Data below |
• • •

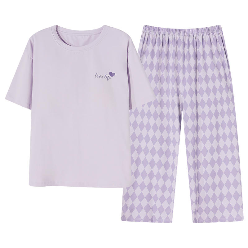 七分裤 纯棉夏天短袖 夏款 粉格家居服套装 猫人睡衣女款 2025新款 夏季
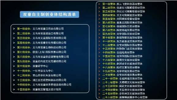 目前,在“雙童”一共做出了15家創(chuàng )業(yè)體公司和26家經(jīng)營(yíng)體板塊,有40多位員工成為了我們創(chuàng )業(yè)體公司的股東。
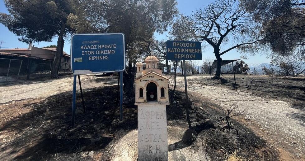 Στις 12 το μεσημέρι στην εθνική οδό μετά τα Μέγαρα δεν φαίνονταν καπνοί από το μέτωπο της Καλλιθέας κοντά στο Λουτράκι. Η εικόνα αλλάζει ριζικά στον στενό επαρχιακό δρόμο προς τους οικισμούς Ειρήνη και Πευκιά. «Δεν έχει μείνει σχεδόν τίποτα όρθιο, θα φρίξετε» μας προειδοποιεί υπάλληλος της ΕΥΔΑΠ που προσπαθεί να επαναφέρει την παροχή νερού. Το χωριό Ειρήνη έχει σχεδόν ισοπεδωθεί. Οι κάτοικοι, που είχαν εκκενώσει την περιοχή τη Δευτέρα, επέστρεψαν χθες. Συναντάμε έξω από το κατεστραμμένο σπίτι του έναν απογοητευμένο ηλικιωμένο κάτοικο. Χαμογελά πικρά: «Δεν βγαίνουν οι λέξεις, προφανώς θα φύγω από το χωριό. Πού να μείνω; Δεν έχει μείνει τίποτα». Παραπέρα, εργαζόμενοι του ΔΕΔΔΗΕ προσπαθούν να επανασυνδέσουν το ρεύμα.
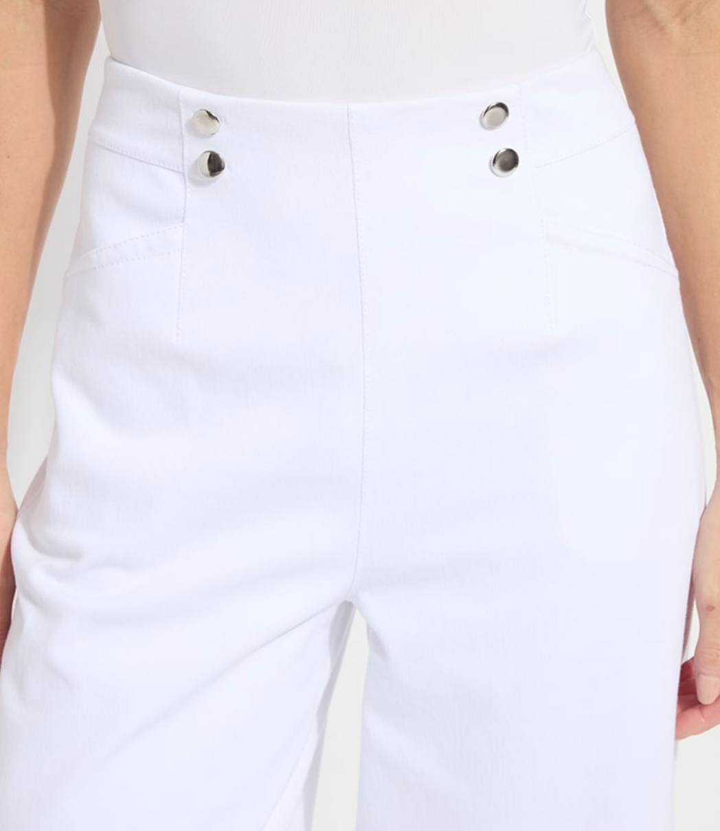 A modern twist on nautical style, the Dion Sailor Crop Palazzo in white denim brings timeless polish with a relaxed silhouette. Designed with a flattering high rise and wide-leg crop, these pants balance structure and ease for a refined yet laid-back look.

• • •

The problem | With the pictures removed, repeat the listing above exactly as it stands.

Response area |
 七分裤 纯棉夏天短袖 夏款 粉格家居服套装 猫人睡衣女款 2025新款 夏季
 目前,在“雙童”一共做出了15家創(chuàng )業(yè)體公司和26家經(jīng)營(yíng)體板塊,有40多位員工成為了我們創(chuàng )業(yè)體公司的股東。
 Στις 12 το μεσημέρι στην εθνική οδό μετά τα Μέγαρα δεν φαίνονταν καπνοί από το μέτωπο της Καλλιθέας κοντά στο Λουτράκι. Η εικόνα αλλάζει ριζικά στον στενό επαρχιακό δρόμο προς τους οικισμούς Ειρήνη και Πευκιά. «Δεν έχει μείνει σχεδόν τίποτα όρθιο, θα φρίξετε» μας προειδοποιεί υπάλληλος της ΕΥΔΑΠ που προσπαθεί να επαναφέρει την παροχή νερού. Το χωριό Ειρήνη έχει σχεδόν ισοπεδωθεί. Οι κάτοικοι, που είχαν εκκενώσει την περιοχή τη Δευτέρα, επέστρεψαν χθες. Συναντάμε έξω από το κατεστραμμένο σπίτι του έναν απογοητευμένο ηλικιωμένο κάτοικο. Χαμογελά πικρά: «Δεν βγαίνουν οι λέξεις, προφανώς θα φύγω από το χωριό. Πού να μείνω; Δεν έχει μείνει τίποτα». Παραπέρα, εργαζόμενοι του ΔΕΔΔΗΕ προσπαθούν να επανασυνδέσουν το ρεύμα.
 A modern twist on nautical style, the Dion Sailor Crop Palazzo in white denim brings timeless polish with a relaxed silhouette. Designed with a flattering high rise and wide-leg crop, these pants balance structure and ease for a refined yet laid-back look.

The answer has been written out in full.